EXERCISE INSTRUCTIONS: Nothing but the pictures should be dropped when the records are transcribed word for word.

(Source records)

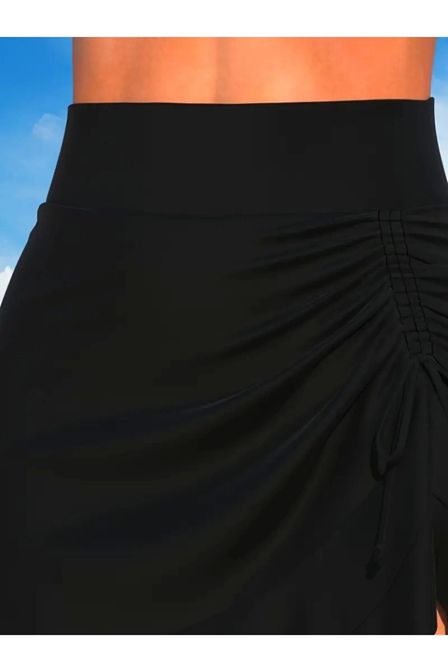 Kadın Yüksek Bel Yandan Büzgülü Fırfırlı Kısa Sandy Etek
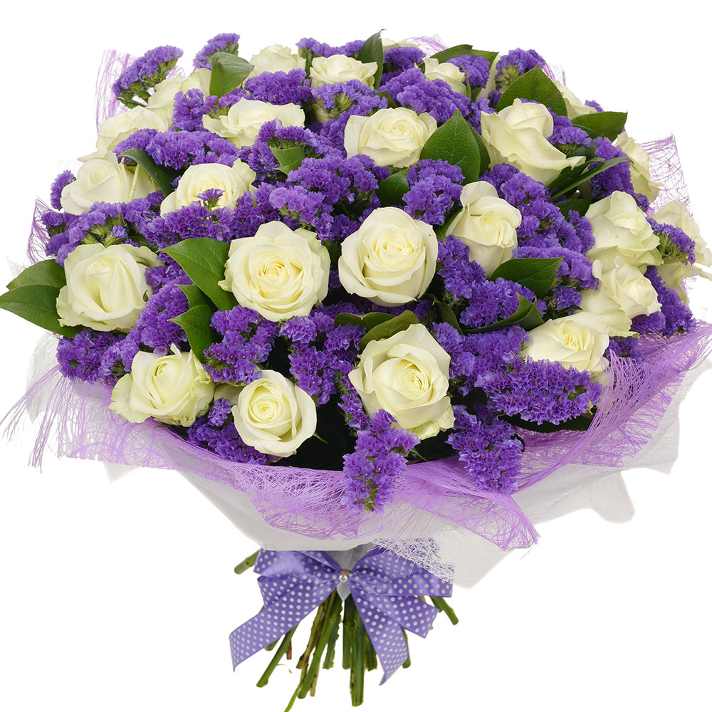 Букет состоит из 25 белых роз, 11 статица, зелень, красивая упаковка.
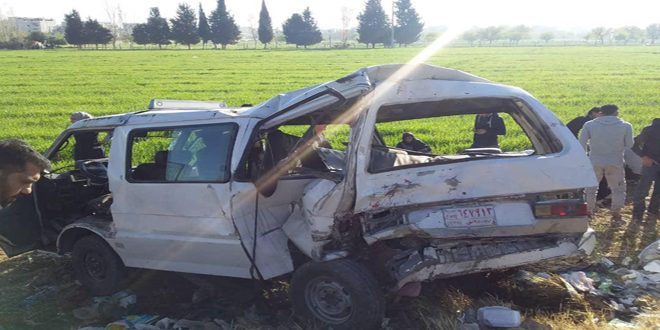 أصيب 11 شخصاً جراء تصادم مركبة شحن (قاطرة ومقطورة) بمركبة أخرى (ميكروباص) على طريق السيدة زينب مفرق المستقبل بريف دمشق.
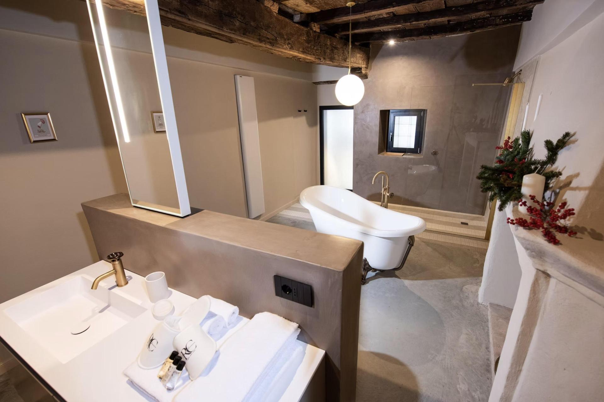 In the charming inner courtyard stands an old olive tree, forming the symbolic heart of the property. Comfortable armchairs and parasols make it a wonderful spot to sit in the evening with a good glass of wine. For guests who would like to explore the surroundings more actively, e-bikes are available for hire. There is also a charging point for electric cars.
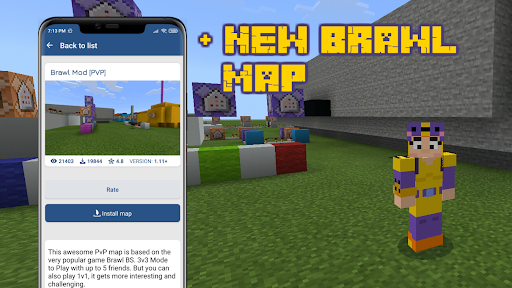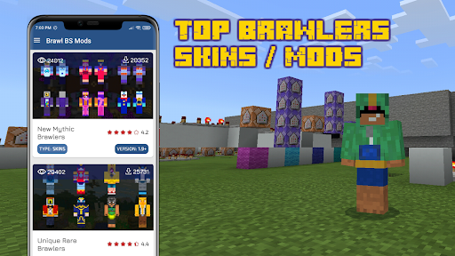 Brawl BS Star mods for Minecraft Pocket Edition: choose and install top brawlers skins and bs map in just one click. You will find a lot of characters of the popular game including legendary skin packs and also super rare, epic, mythic and others.
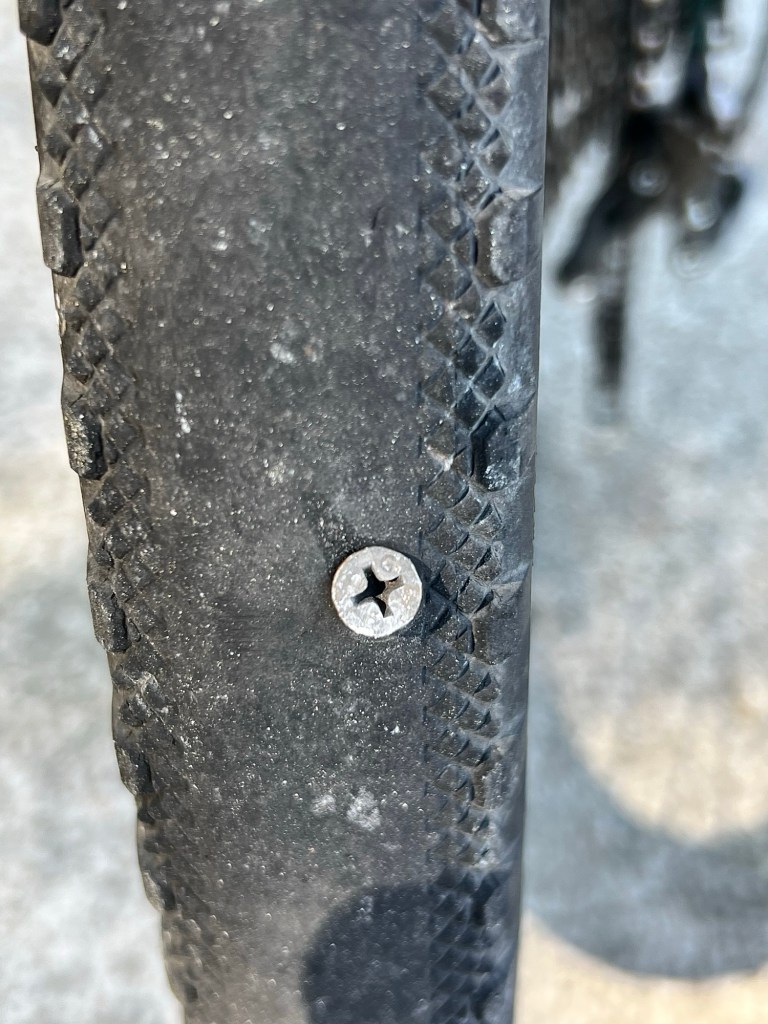 This god-forsaken 1/32nd of an inch, demon’s bicuspid, of a shard was deflating my tire overnight since Richmond Hill, GA four days ago. Each morning I’d have to reinflate my tire to 50 psi from 7-17 psi. It was driving me mad.
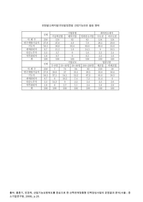 유형별/소재지별/규모별/업종별 산업기능요원 활용 행태. 2008 숫자표
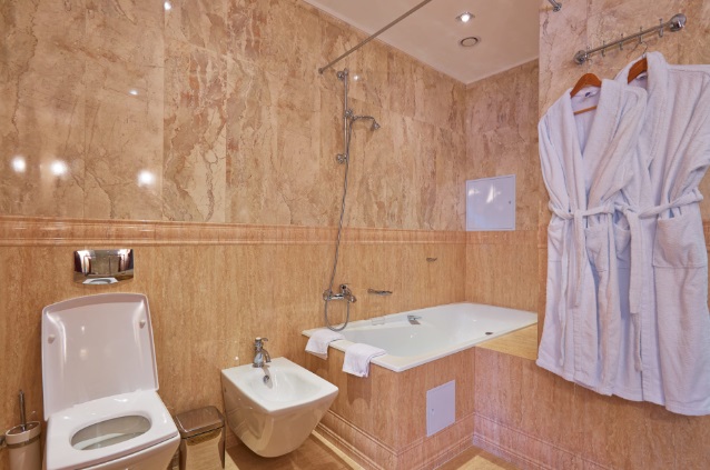 Санузел: раковина, унитаз, ванна, душевая кабина, биде, фен
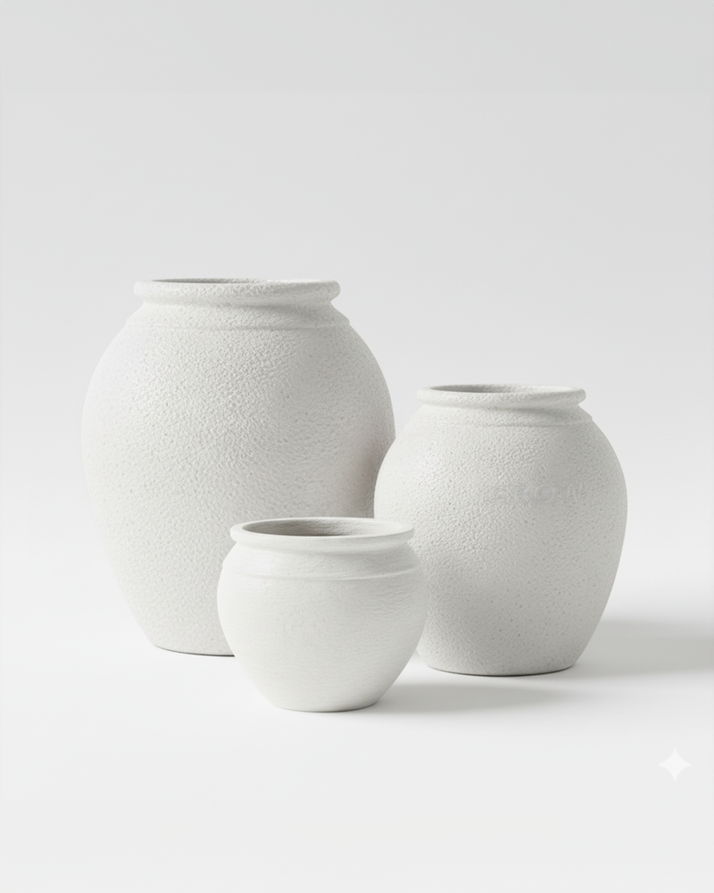 Santorini Collection - White Rusted Stone Planters (Set of 3)
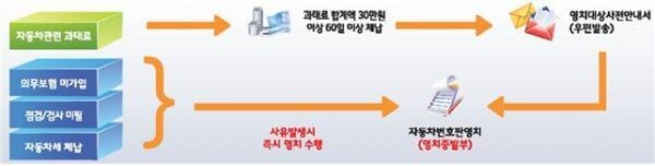 자동차번호판 영치는 해당 자치구에서 영치대상 차량의 번호판을 탈착해 보관하는 제도다.
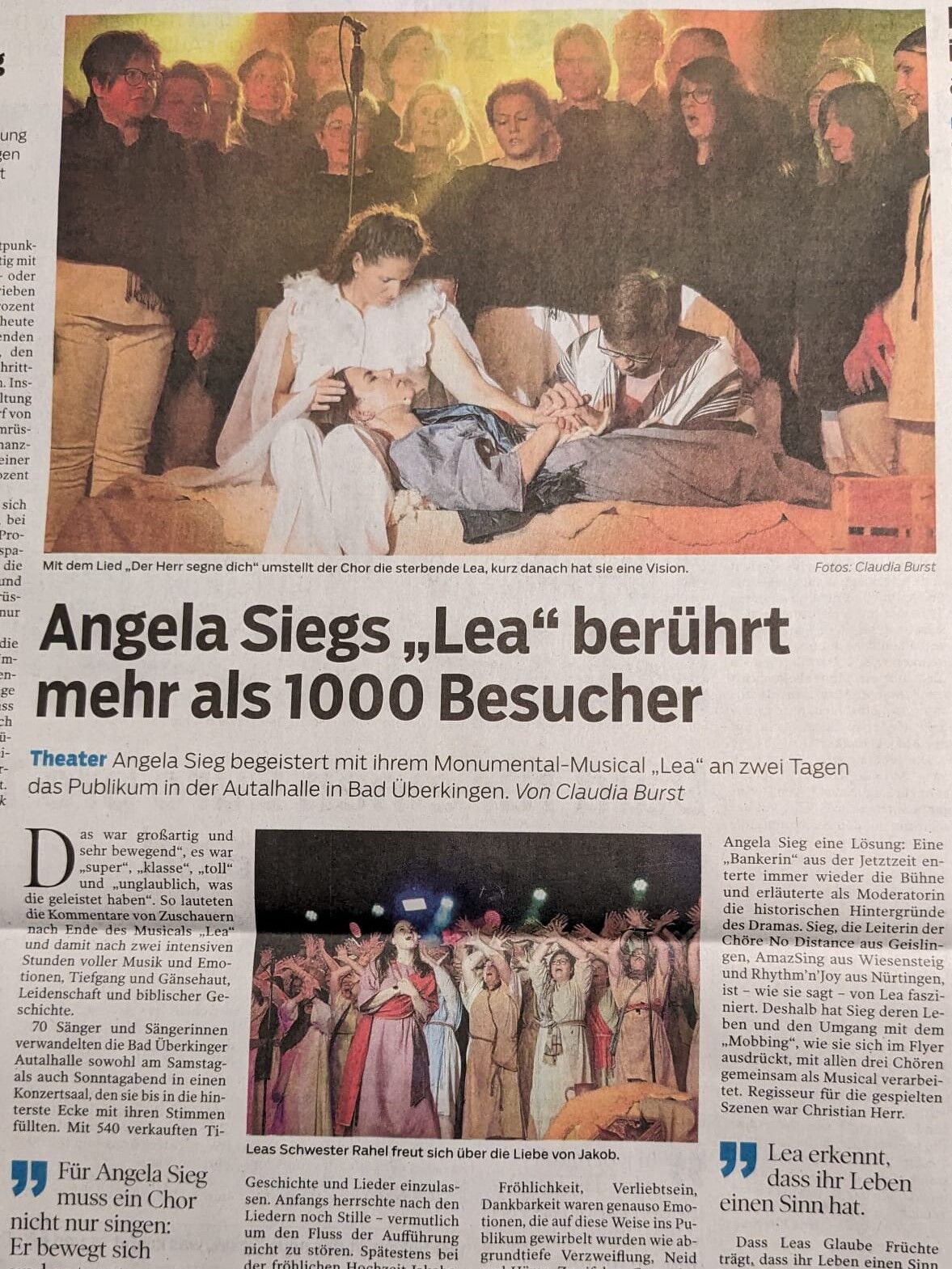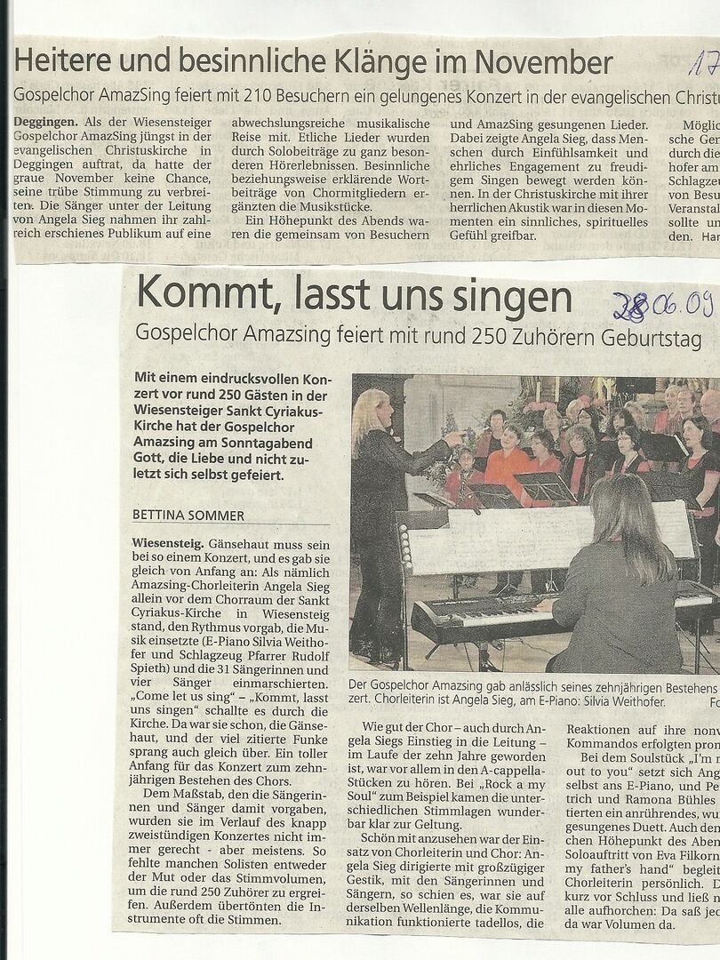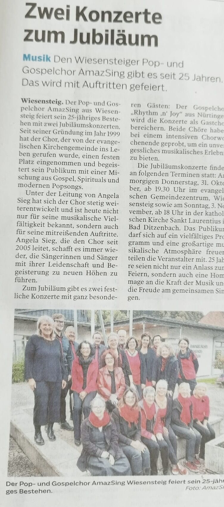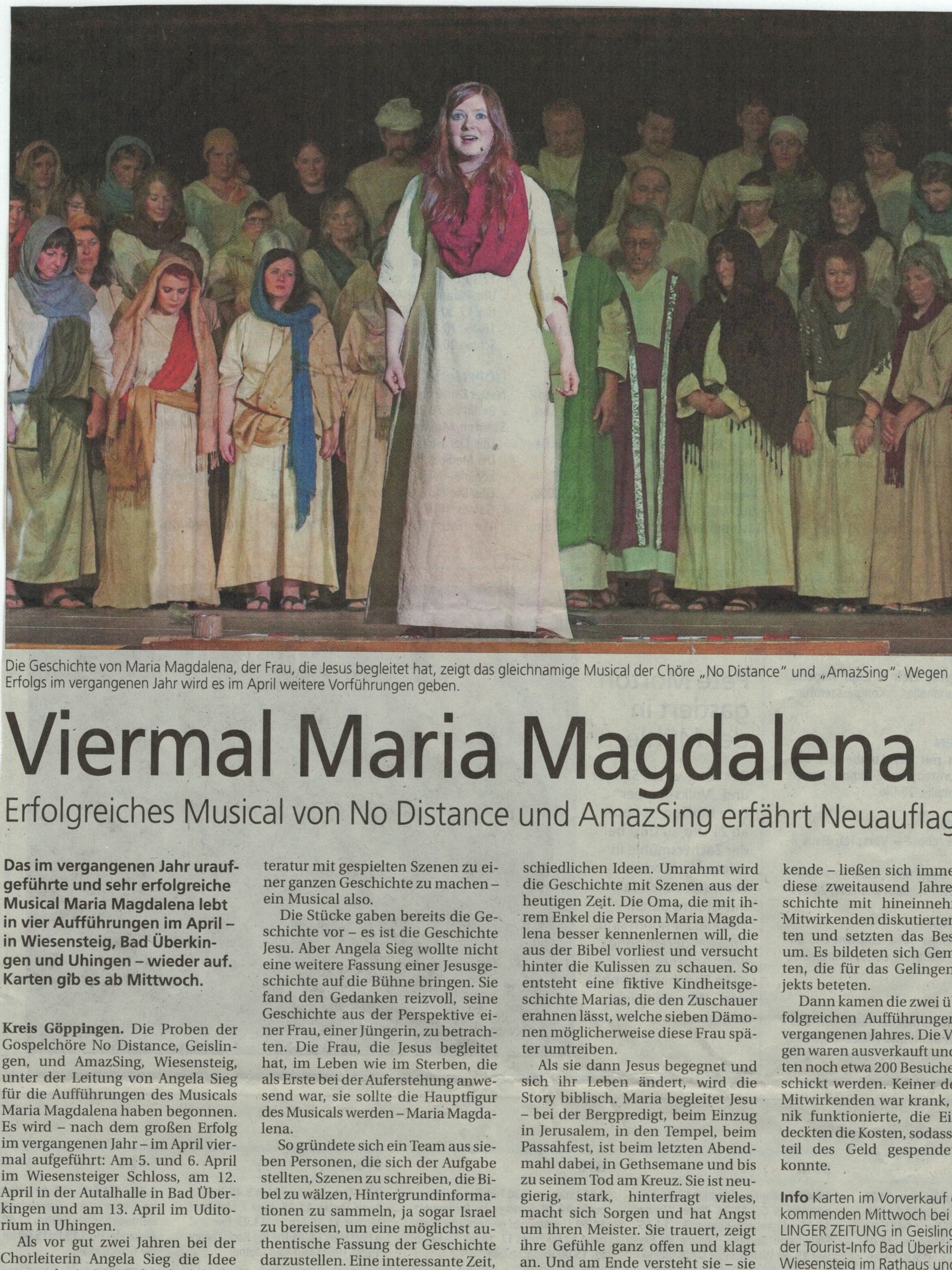 Die Chöre No Distance, AmazSing und Rhythm'n Joy unter der Leitung von Angela Sieg haben diese Sing-Begeisterung aufgenommen und führten „Luther“ im Mai 2017 regional in etwas kleinerer Besetzung auf.Die ca. 130 Sänger/-innen, darunter 12 Hauptrollen, wurden begleitet vom Streichorchester des Hölderlin Gymnasiums Nürtingen, sowie den Bläsern der Stadtkapelle Wiesensteig und einer 6 köpfigen Band.
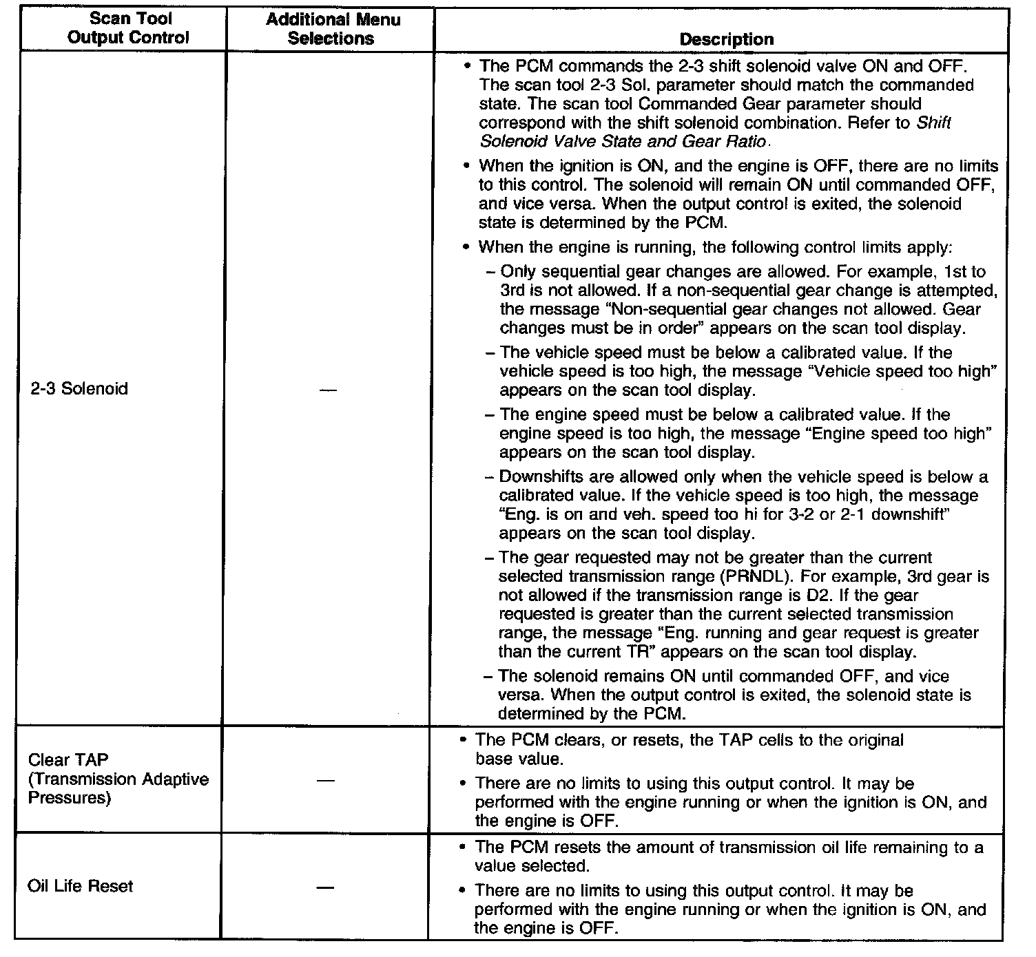 Scan Tool Output Controls
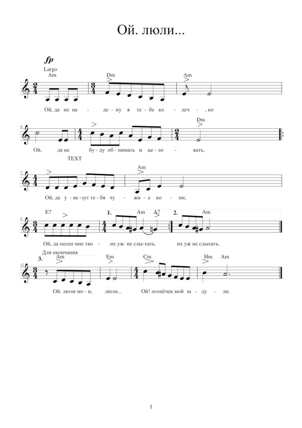 Ой, да не надену я тебе колечко,Ой, да не буду обнимать и целовать,Ой, да увезут тебя чужие кони,Ой, да песен мне твоих уж не слыхать.Припев:Ой, люли мои, люли…Ой, огонёчек мой задули.Ой, да выйду я да тёмной ночью,Ой, да всё смотрю в твоё оконце,Ой, да слёзы душат – нету мочи,Ой, да выглянь, выглянь, моё солнце!Припев.Ой, да не надену я тебе колечко,Ой, да ноженьки не буду целовать,Ой, да увезут тебя чужие кони,Ой, да глазонек твоих мне не видать.Припев.

ANSWER BELOW:
 Kadın Yüksek Bel Yandan Büzgülü Fırfırlı Kısa Sandy Etek
 Букет состоит из 25 белых роз, 11 статица, зелень, красивая упаковка.
 أصيب 11 شخصاً جراء تصادم مركبة شحن (قاطرة ومقطورة) بمركبة أخرى (ميكروباص) على طريق السيدة زينب مفرق المستقبل بريف دمشق.
 In the charming inner courtyard stands an old olive tree, forming the symbolic heart of the property. Comfortable armchairs and parasols make it a wonderful spot to sit in the evening with a good glass of wine. For guests who would like to explore the surroundings more actively, e-bikes are available for hire. There is also a charging point for electric cars.
 Brawl BS Star mods for Minecraft Pocket Edition: choose and install top brawlers skins and bs map in just one click. You will find a lot of characters of the popular game including legendary skin packs and also super rare, epic, mythic and others.
 This god-forsaken 1/32nd of an inch, demon’s bicuspid, of a shard was deflating my tire overnight since Richmond Hill, GA four days ago. Each morning I’d have to reinflate my tire to 50 psi from 7-17 psi. It was driving me mad.
 유형별/소재지별/규모별/업종별 산업기능요원 활용 행태. 2008 숫자표
 Санузел: раковина, унитаз, ванна, душевая кабина, биде, фен
 Santorini Collection - White Rusted Stone Planters (Set of 3)
 자동차번호판 영치는 해당 자치구에서 영치대상 차량의 번호판을 탈착해 보관하는 제도다.
 Die Chöre No Distance, AmazSing und Rhythm'n Joy unter der Leitung von Angela Sieg haben diese Sing-Begeisterung aufgenommen und führten „Luther“ im Mai 2017 regional in etwas kleinerer Besetzung auf.Die ca. 130 Sänger/-innen, darunter 12 Hauptrollen, wurden begleitet vom Streichorchester des Hölderlin Gymnasiums Nürtingen, sowie den Bläsern der Stadtkapelle Wiesensteig und einer 6 köpfigen Band.
 Scan Tool Output Controls
 Ой, да не надену я тебе колечко,Ой, да не буду обнимать и целовать,Ой, да увезут тебя чужие кони,Ой, да песен мне твоих уж не слыхать.Припев:Ой, люли мои, люли…Ой, огонёчек мой задули.Ой, да выйду я да тёмной ночью,Ой, да всё смотрю в твоё оконце,Ой, да слёзы душат – нету мочи,Ой, да выглянь, выглянь, моё солнце!Припев.Ой, да не надену я тебе колечко,Ой, да ноженьки не буду целовать,Ой, да увезут тебя чужие кони,Ой, да глазонек твоих мне не видать.Припев.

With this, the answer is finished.